• What this task involves: Begin the copy at the line containing "A young woman" in the data below and end it at the line containing "유족들은 건의서를 통해", keeping each line exact and leaving out pictures.

*** Begin section ***

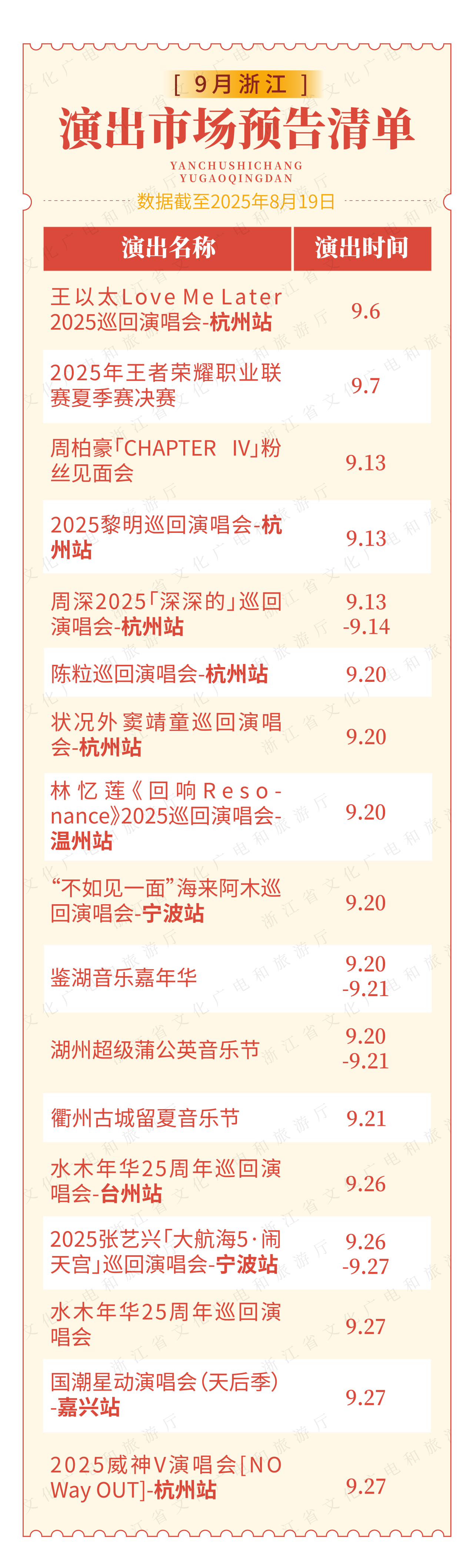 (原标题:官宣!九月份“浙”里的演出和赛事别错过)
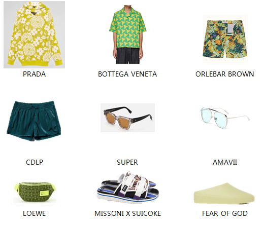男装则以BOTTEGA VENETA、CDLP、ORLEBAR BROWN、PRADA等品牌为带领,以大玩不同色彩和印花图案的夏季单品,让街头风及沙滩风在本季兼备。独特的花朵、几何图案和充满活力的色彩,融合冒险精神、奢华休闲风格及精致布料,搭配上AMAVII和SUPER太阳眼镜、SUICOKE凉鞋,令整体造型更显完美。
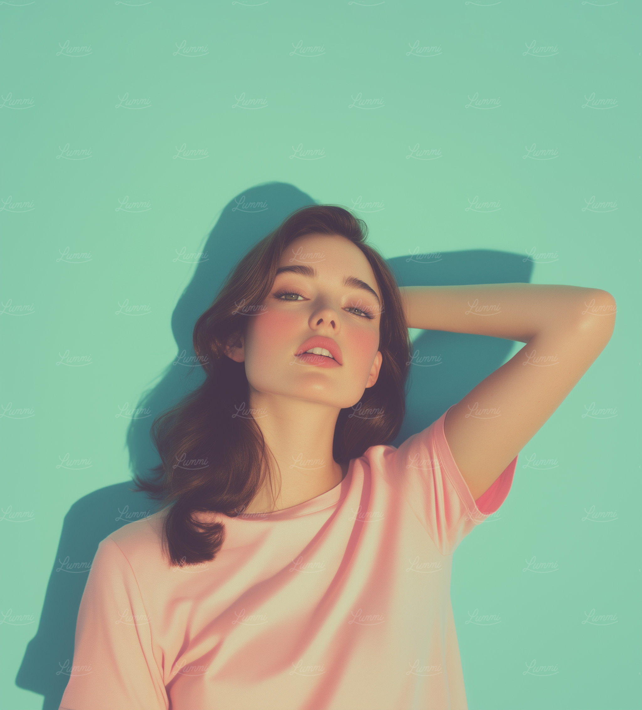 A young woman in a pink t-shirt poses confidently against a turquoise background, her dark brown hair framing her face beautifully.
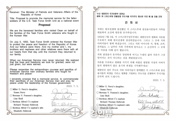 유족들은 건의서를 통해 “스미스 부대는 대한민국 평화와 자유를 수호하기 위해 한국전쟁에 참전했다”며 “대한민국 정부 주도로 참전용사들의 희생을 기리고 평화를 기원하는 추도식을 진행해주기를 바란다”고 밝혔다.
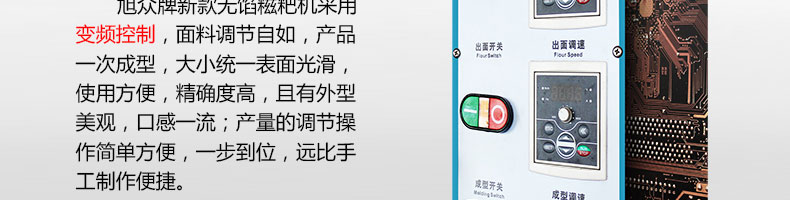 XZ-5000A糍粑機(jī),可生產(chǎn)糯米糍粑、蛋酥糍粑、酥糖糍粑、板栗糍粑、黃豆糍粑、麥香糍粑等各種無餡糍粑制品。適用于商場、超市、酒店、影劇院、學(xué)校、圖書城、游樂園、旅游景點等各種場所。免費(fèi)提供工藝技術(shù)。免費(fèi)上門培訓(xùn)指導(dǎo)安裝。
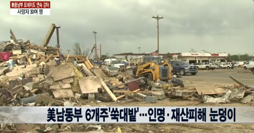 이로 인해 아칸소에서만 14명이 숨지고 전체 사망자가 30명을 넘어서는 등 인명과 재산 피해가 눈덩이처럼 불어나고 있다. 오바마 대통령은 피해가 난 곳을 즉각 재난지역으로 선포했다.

*** End section ***

• Completed task:
 A young woman in a pink t-shirt poses confidently against a turquoise background, her dark brown hair framing her face beautifully.
 유족들은 건의서를 통해 “스미스 부대는 대한민국 평화와 자유를 수호하기 위해 한국전쟁에 참전했다”며 “대한민국 정부 주도로 참전용사들의 희생을 기리고 평화를 기원하는 추도식을 진행해주기를 바란다”고 밝혔다.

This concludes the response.